What to do
Exact copies of the lines below, from the one with "下午茶中的特色点心Scone" up to and including the one with "乐山夹江移动公司招聘营销经理", are what this calls for; leave out pictures.

[Collection entries]
★ ★ ★ ★ ★ ★ ★

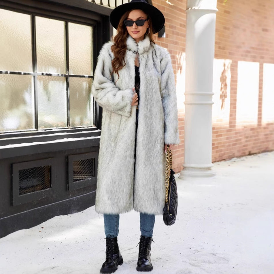 Damen Langer Kunstpelzmantel mit Stehkragen und Taschen Fudus
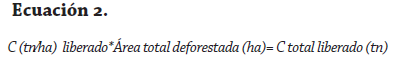 Teniendo el contenido de carbono liberado de una hectárea por deforestación (tn/ha), se puede calcular el carbono total liberado de un área específica en un periodo de tiempo determinado, así (ecuación 2):
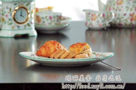 下午茶中的特色点心Scone、手工饼干、牛角面包等都是英国下午茶中特有的不可或缺的点心,维多利亚时代这些点心都是由手工制成,现烤现吃,热的时候味道更好。
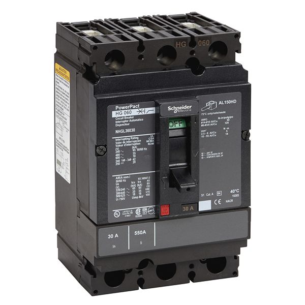 This is PowerPact MCCB 3P 30A Breaking Capacity 18 kA DIN Rail Mount manufactured by Schneider Electric. The manufacturer part number is NHGL36030. The product has a current rating of 30a. The product powerpact, is a highly preferred choice for users. The product is available in din rail mount style. It features powerpact range. The product has 18 ka breaking capacity at maximum voltage rating. It has equipped with 3 poles.
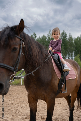 Cute little girl riding a horse outdoors. Pet therapy. Hippotherapy for young children, therapy after many serious diseases.
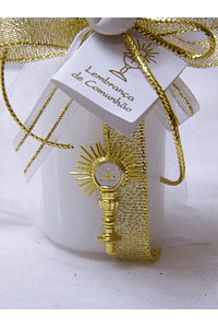 Vela branca de formato cilíndrico em saco organza, decorado por lindo laço com fitas douradas brilhantes e fitas brancas com pormenores em dourado, ainda um lindo fio em cor ouro. A adornar o arranjo, temos um ostensório numa das pontas das fitas do laço e, mesmo no centro do laço, temos um pão e uma hóstia.
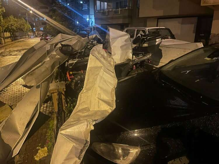 Gemlik’te okulun çatısı araçların üzerine uçtu
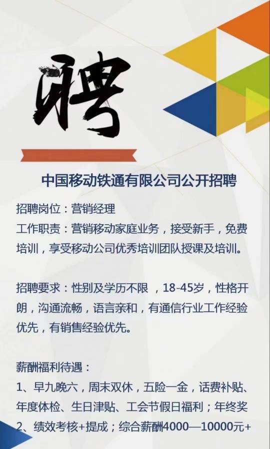 乐山夹江移动公司招聘营销经理,年龄:25一40岁,男女不限,不会可教,工资 ...
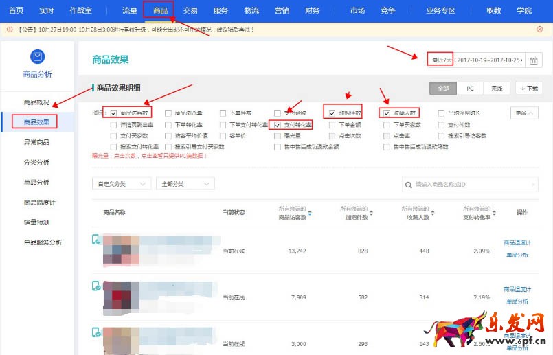 ①有數款寶貝已經上架了一段時間,有了一定的數據積累。這時候去到我們的生意參謀—商品—商品效果中,查看7天或者更長時間的寶貝數據,將轉化率、加車率、收藏率表現都比較好的寶貝定為主推款。這里至少要求寶貝有500訪客以上,否則寶貝表現的數據可能會不精準。
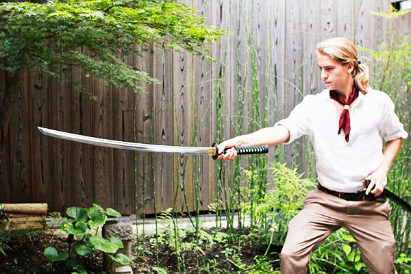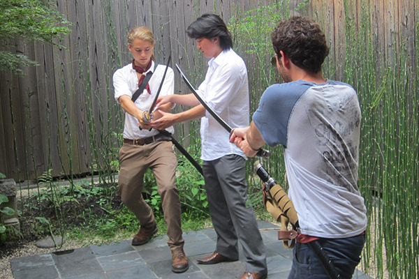 その後、日本刀や甲冑を拝見するため京都東山堂へ移動。そこで、とても興味深く実際に本物の甲冑を拝見し、日本刀を手に取り小山田会長の指導のもと刀の正しい持ち方や振り方を簡単に教わりました。あまりアメリカでは普段手に触れるようなものではないのでとても関心を持っておりました。
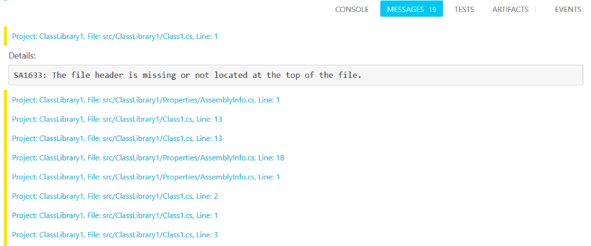 This example shows how to report issues as messages to an AppVeyor build using the AppVeyorBuilds alias:

★ ★ ★ ★ ★ ★ ★

Written solution
 下午茶中的特色点心Scone、手工饼干、牛角面包等都是英国下午茶中特有的不可或缺的点心,维多利亚时代这些点心都是由手工制成,现烤现吃,热的时候味道更好。
 This is PowerPact MCCB 3P 30A Breaking Capacity 18 kA DIN Rail Mount manufactured by Schneider Electric. The manufacturer part number is NHGL36030. The product has a current rating of 30a. The product powerpact, is a highly preferred choice for users. The product is available in din rail mount style. It features powerpact range. The product has 18 ka breaking capacity at maximum voltage rating. It has equipped with 3 poles.
 Cute little girl riding a horse outdoors. Pet therapy. Hippotherapy for young children, therapy after many serious diseases.
 Vela branca de formato cilíndrico em saco organza, decorado por lindo laço com fitas douradas brilhantes e fitas brancas com pormenores em dourado, ainda um lindo fio em cor ouro. A adornar o arranjo, temos um ostensório numa das pontas das fitas do laço e, mesmo no centro do laço, temos um pão e uma hóstia.
 Gemlik’te okulun çatısı araçların üzerine uçtu
 乐山夹江移动公司招聘营销经理,年龄:25一40岁,男女不限,不会可教,工资 ...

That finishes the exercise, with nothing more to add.